Print the entire listing below word for word, excluding its pictures.

Dataset extract =
┄┄┄┄┄┄

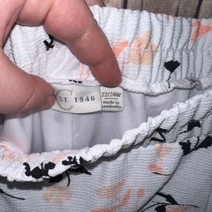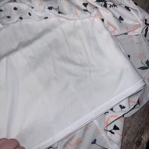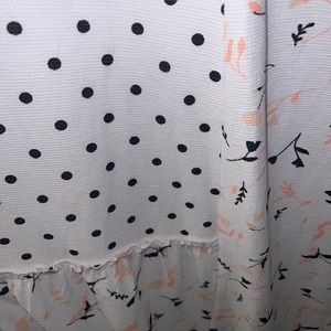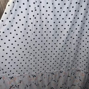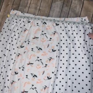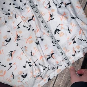 Adorable and perfect skirt for the spring and summer! Beautiful floral and polka dot pattern with ruffle detail. No flaws noted to item. See photos for measurements and fabric content details.
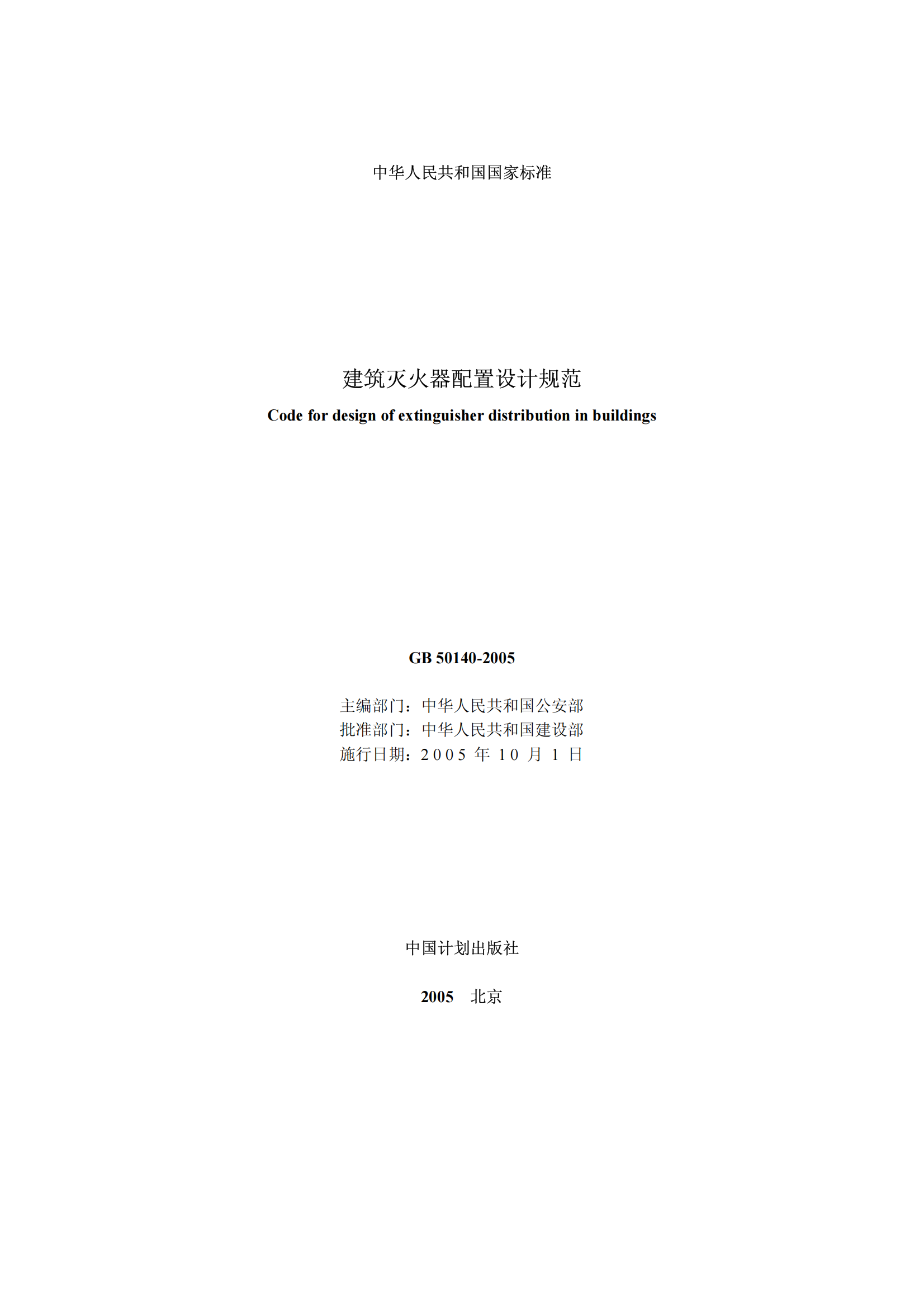 《建筑灭火器配置设计规范》(GB50140-2005)
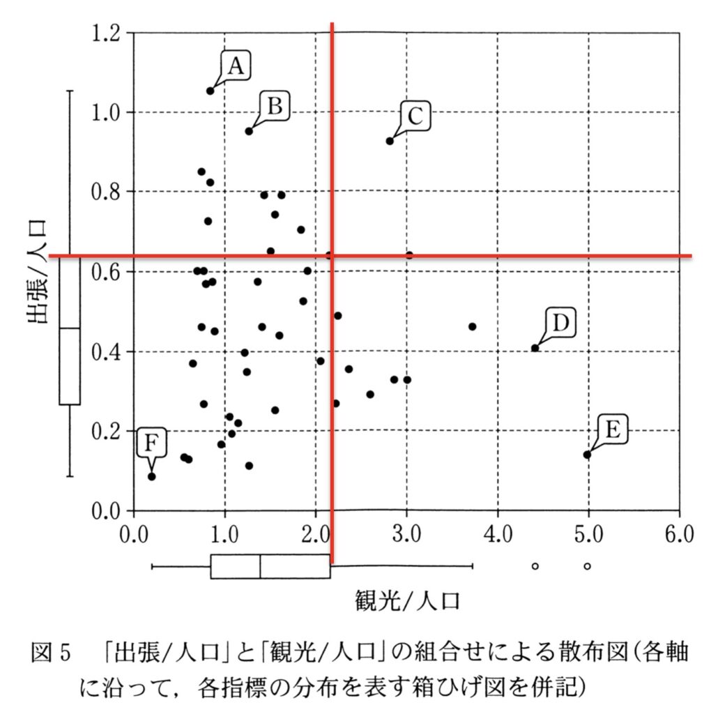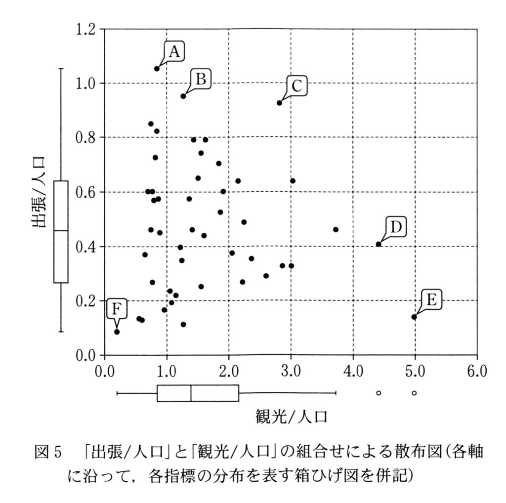 図5を見ると、例えば、観光等の旅行者が人口の4倍以上訪れる都道府県を表す点の数は[ケ]個である。このように、指標の値を見ることで、都道府県の人口に対して目的別の旅行者数がどの程度であったかを知ることができる。
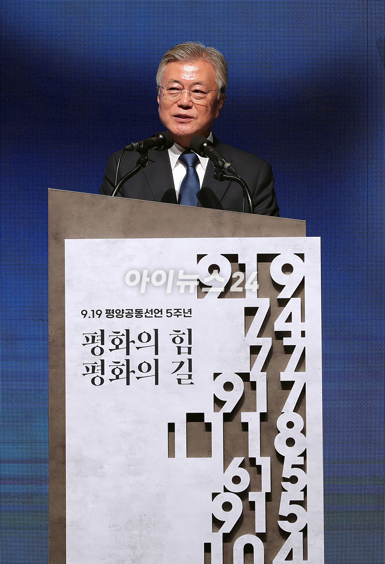 19일 오후 서울 여의도 63빌딩에서 열린 '9.19 평양공동선언 5주년 기념, 평화의 힘 평화의 길' 기념식에서 인사말을 하고 있다.

┄┄┄┄┄┄

Result of the task =
 Adorable and perfect skirt for the spring and summer! Beautiful floral and polka dot pattern with ruffle detail. No flaws noted to item. See photos for measurements and fabric content details.
 《建筑灭火器配置设计规范》(GB50140-2005)
 図5を見ると、例えば、観光等の旅行者が人口の4倍以上訪れる都道府県を表す点の数は[ケ]個である。このように、指標の値を見ることで、都道府県の人口に対して目的別の旅行者数がどの程度であったかを知ることができる。
 19일 오후 서울 여의도 63빌딩에서 열린 '9.19 평양공동선언 5주년 기념, 평화의 힘 평화의 길' 기념식에서 인사말을 하고 있다.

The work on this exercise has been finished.